Ненависть и презрение к родне стихли; во всяком случае, уменьшились. Они все еще очень его тяготили – ветшавшие, вымиравшие дядюшки и тетушки, вконец изболевшийся отец, «слабенькая» (с легкими у нее был непорядок) мать, уже совершеннолетняя, по-прежнему хлопотавшая от зари до зари, по-прежнему не имевшая ни одного красивого платья Джулия. Но теперь он все про них понимал. Не в том дело, что денег мало; главное – даже обеднев, они цепляются за мир, где деньги – добродетель, а бедность порочна. Их, неудачников, уверовавших в кодекс денег, губит сознание непристойности нищеты. Им даже не приходит в голову мысль плюнуть да просто жить, как – и насколько правильно! – живут низшие классы. Шапки долой перед фабричным парнем, что с пятаком в кармане женится на своей милашке! У него-то хоть в жилах кровь, а не цифры доходов и расходов.
Так размышлял юный наивный эгоист. В жизни, решил он, только два пути: либо к богатству, либо прочь от него. Иметь деньги или отвергнуть их, только не эта гиблая трясина, когда на деньги молишься, но не умеешь их добыть. Лично для себя Гордон выбрал принципиальный отказ. Может, вышло бы по-другому, имей он больше склонности к счетным наукам: преподаватели вдолбили, что разгильдяю вряд ли удастся «преуспеть». Ну и ладно! Отлично! Он, напротив, целью поставит именно «не преуспеть». Лучше король в аду, чем раб на небесах, и лучше уж прислуживать чертям, чем херувимам. Итак, Гордон в шестнадцать лет понял, за что бороться – против
Через год умер отец, оставив лишь двести фунтов. Джулия к этому времени уже несколько лет служила: сначала в муниципальной конторе, затем, окончив кулинарные курсы, в гнуснейшем («дамском») чайном кафе у метро «Графский двор». Семьдесят два часа в неделю за двадцать пять шиллингов, из которых более половины она тратила на семейное хозяйство. Теперь, после смерти отца, разумнее всего было бы забрать Гордона из школы и отправить трудиться, а Джулии на двести фунтов обзавестись своим собственным кафе. Но обычная дурь Комстоков – ни Джулия, ни мать даже подумать не могли о прекращении учебы Гордона, со своим странным идеалистическим снобизмом готовые скорей отправиться в работный дом. Две сотни должны пойти на завершение «образования» сына. Гордон не возразил. Да, он объявил войну деньгам, но жуткого эгоизма от этого в нем не убавилось. Он, конечно, боялся пойти работать. Какой мальчик не оробел бы? Господи, строчить бумажки в какой-нибудь дыре! Дядюшки, тетушки уже вздыхали, обсуждая, как его устроить, и беспрестанно поминая «хорошие места». Ах, молодой Смит получил такое хорошее место в банке! Ах, молодой Джонс получил такое хорошее место в страховой компании!.. Похоже, они мечтали всех молодых англичан заколотить в гробы «хороших мест».

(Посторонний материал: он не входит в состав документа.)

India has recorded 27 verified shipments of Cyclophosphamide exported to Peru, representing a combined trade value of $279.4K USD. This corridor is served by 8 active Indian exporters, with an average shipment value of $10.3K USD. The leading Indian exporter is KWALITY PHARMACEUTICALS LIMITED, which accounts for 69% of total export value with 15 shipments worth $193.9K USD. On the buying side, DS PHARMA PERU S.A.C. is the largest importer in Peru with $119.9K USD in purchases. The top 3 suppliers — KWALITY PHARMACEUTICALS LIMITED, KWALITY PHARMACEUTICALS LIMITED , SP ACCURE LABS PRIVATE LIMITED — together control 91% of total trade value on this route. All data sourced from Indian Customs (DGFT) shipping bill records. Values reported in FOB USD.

Между тем нужно было как-то добывать деньги. Мать, которая до замужества обучала музыке, а иной раз и потом, в моменты безденежья, брала учеников, решила возобновить это занятие. Найти учеников в Эктоне, их предместье, было нетрудно; платы за уроки и заработков Джулии хватило бы, вероятно, чтобы «справляться» пару лет. Только вот слабенькое здоровье миссис Комсток стало как-то совсем уж слабым. Ездивший к умиравшему мужу доктор, прослушав ее легкие, хмуро покачал головой и рекомендовал беречь себя, теплее одеваться, есть питательную пищу, а главное – не переутомляться. Нервозная возня с учениками тут подходила менее всего. Сын, правда, ничего об этом не знал. Но Джулия знала, и они с матерью таили от дорогого мальчика грустный диагноз.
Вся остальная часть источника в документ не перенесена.